Auf stundenlangen Bus- und Bahnreisen bilden sich sehr schnell Zweckgemeinschaften, meist unter gleichgesinnten oder Menschen ähnlicher Abstammung. Isi und ich saßen noch im Busterminal als uns zwei Jungs auf deutsch anquatschten wo es denn hingehe und wie das mit dem Intercape denn so funktioniere. Schnell wuchs unsere Vierergruppe auf fünf Personen, als noch eine Schweizerin hinzukam. Irgendwie erkennt man sich, entweder man schnappt die eigene Sprache auf oder wie in unserem Fall verrät die Kleidung oder die Ausrüstung (in unserem Fall trug ich ein S-Oliver-Shirt) aus welcher Ecke der Erde man höchstwahrscheinlich kommt.

Solche Gemeinschaften können lästig sein, jedoch überwiegt meist der praktische Aspekt. Diese Menschen mag man vielleicht 10 Minuten kennen, vertraut ihnen aber sofort das eigene Gepäck und die eigene Telefonnummer an. Auf Zwischenstopps achtet man gemeinsam darauf, dass bei der Abfahrt alle wieder im Bus sitzen und man tauscht Erfahrungen aus. Aufgrund des temporären Charakters vergisst man aber die Namen schnell, Wir können uns heute nur noch an Erdal erinnern, der uns seinen Namen einfach treffend beschrieb: Erdal, so wie die Schuhcreme mit dem Frosch aus Deutschland. Die anderen zwei Namen sind uns leider schon wieder entfallen. Trotzdem wünschen wir allen eine gute Weiterreise und viele schöne Erlebnisse.

Das Fass darf nicht überlaufen

Der einzige nennenswerte Moment der gesamten Busreise ereignete sich am Grenzübergang Vioolsdrift nach Namibia.
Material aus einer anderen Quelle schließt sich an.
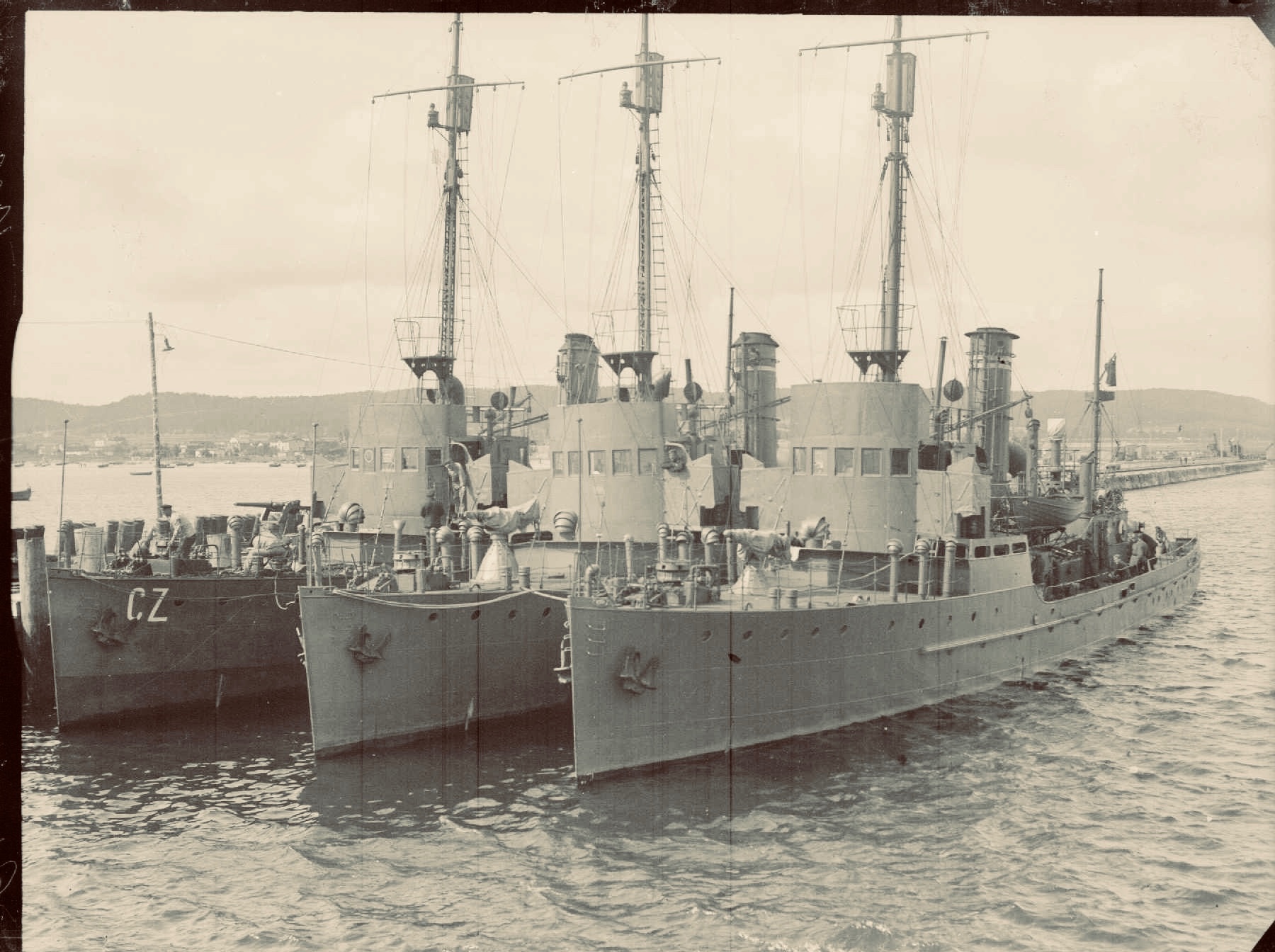 I jeszcze zdjęcie ORP CZAJKA z literami CZ na burcie. Stojące obok: ORP JASKÓŁKA i ORP MEWA nie mają takiego oznaczenia, mają tylko opaski na kominach.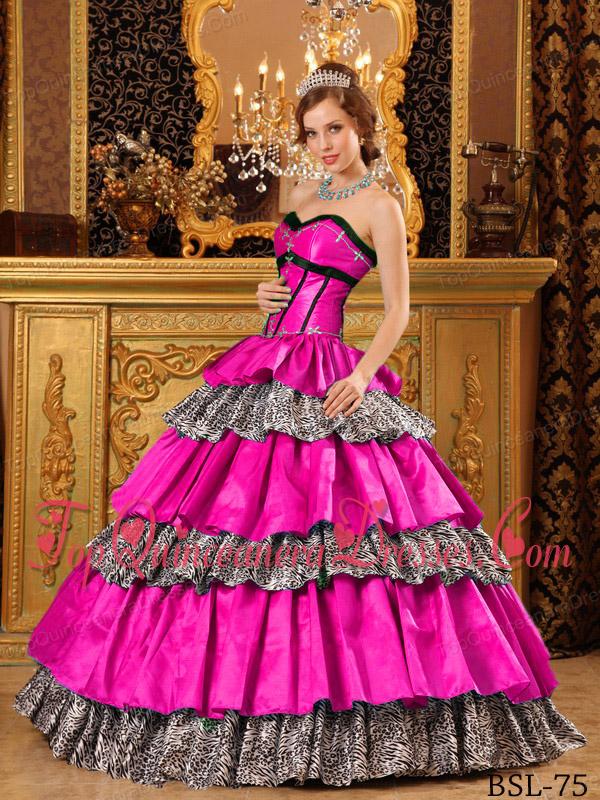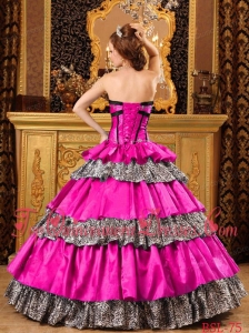 Popular Ball Gown Sweetheart Floor-length Taffeta Ruffles Hot Pink Quinceanera Dress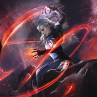 the red energy surrounding their hand and the disturbed expressions on the faces of the figures at their feet. The setting appears to be a dimly lit underground chamber or lair, which fits with the typical environment for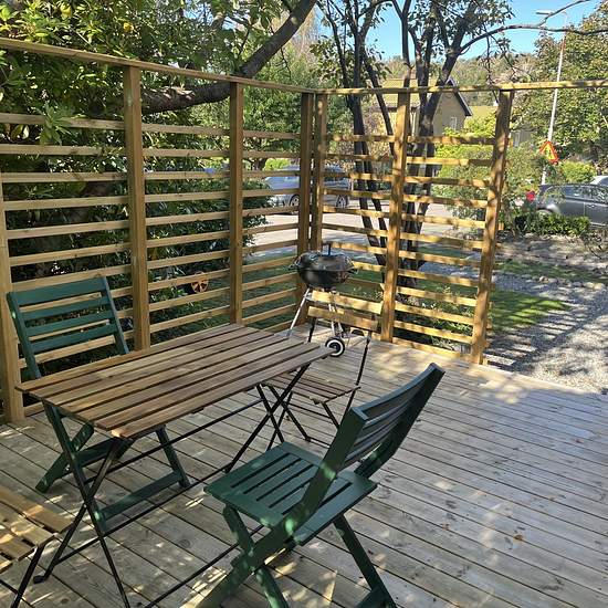 - Nybyggd stuga i två plan om 44 m2 i centrala Toltorpsdalen. - Fullt möblerad. Hög standard på kök och badrum. - Planlösning; plan 1: kök, matplats, hall och badrum. Plan 2: dubbelsäng (180x200), skrivbord, soffa och diverse förvaring - Bredband, 500 Mbit/s ingår - Parkering tillgängligt på gatan - Uteplats (15 m2) - Värmesystem omfattats av luftvärmepump och eluppvärmt badrumsgolv - 2 min till busshållplats (linje 25, 753) som tar dig till Sahlgrenska huvudentré på 7 min, Linneplatsen på 11 min och Chalmers eller Mölndals centrum på u...

Grenzschützer und Passstempler sind nicht unbedingt für ihre offene, herzliche und entgegenkommende Art bekannt. Besonders dann nicht, wenn ein Bus mit geschätzt 60 Menschen an Bord mitten in der Nacht an ihr Stempelkissen rollt.
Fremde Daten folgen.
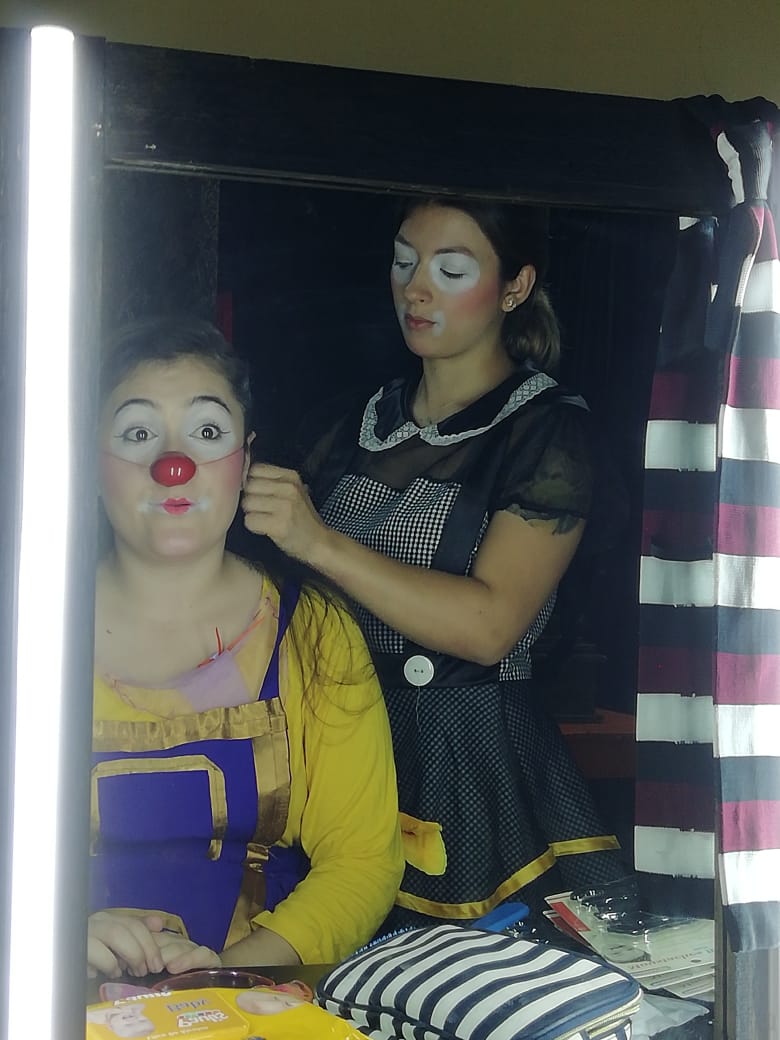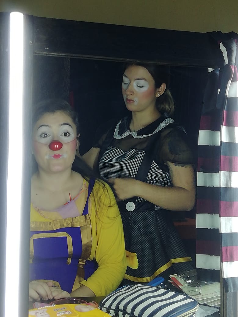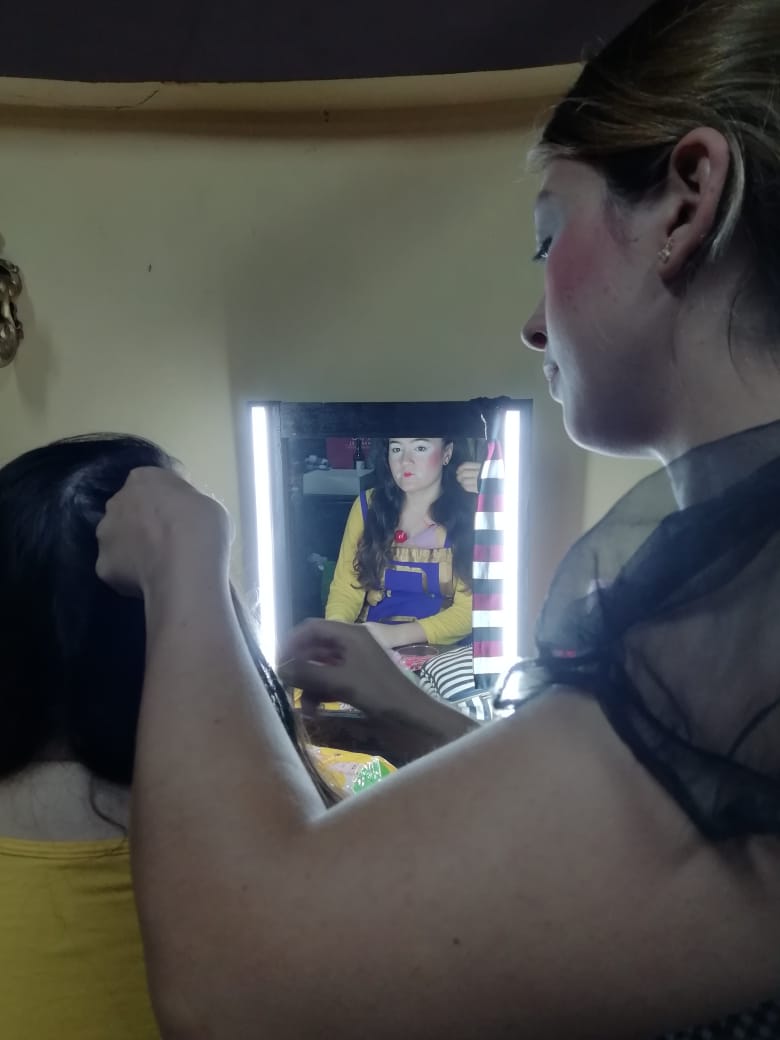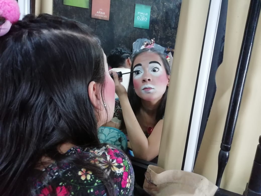 Al ingresar, antes de la función de la noche, vimos a las actrices que se preparaban para su público. Una cosa muy bella, miramos cómo una de las actrices maquillaba a su compañera, otra más lo hacía ella sola frente a un pequeño espejo. No hay personal extra que les ayude, es solo su esfuerzo y dedicación, así como lo son los inicios.

Wir verbrachten wir gute drei Stunden an der Grenze, mussten zweimal aus dem Bus aussteigen, zweimal wieder ein, die südafrikanischen Grenzbeamten stempelten unsere Ausreise, die namibischen 250m die Straße runter unsere Einreise. Also überall Schlange stehen, sich kritisch angucken lassen und in der Schlange zwei Schritte vorlaufen. Auch das Gepäck wurde einer gründlichen Untersuchung unterzogen oder besser gesagt, der ganze Bus. Denn an der Grenze stand tatsächlich eine Halle mit Röntgengerät, in die der ganze Bus hineinfahren musste. Bei dieser Prozedur fanden die (für die Uhrzeit doch sehr engagierten Grenzer) tatsächlich eine Ungereimtheit auf ihren Bildschirmen. Dummerweise hieß das, dass das gesamte Gepäck ausladen, um ein verdächtiges Fass zu untersuchen. In dem Fass befanden sich hochgefährliche Flaschen mit Oliven – oder Sonnenöl, die ein Passagier beim Zoll nicht angegeben hatte. Für ganze 200 Rand Zollgebühr (etwa 15 Euro) wären uns fast 1,5 Stunden nächtliches Rumstehen erspart geblieben. Einen Preis, den unsere Fünfergruppe ausgelegt hätte, hätten wir früher von dem Sachverhalts erfahren.

Ziemlich übermüdet, ohne das Faß mit dem Öl, aber mit den wichtigen Einreisestempeln im Pass, ging es weiter. Falls einer der Leser in Nähe des Grenzübergangs wohnt, empfehle ich dort einen Shop oder ein Kaffee zu eröffnen. Man wäre (noch) konkurrenzlos und könnte Mondpreise verlangen, die Touristen mitten in der Nacht mit Sicherheit zahlen.

Am frühen Morgen kamen wir in Windhoek an und buchten uns unweit von Christina und Ian in ein B&B. Die namibische Hauptstadt sollte nur unser Drehkreuz für weitere Abenteuer werden.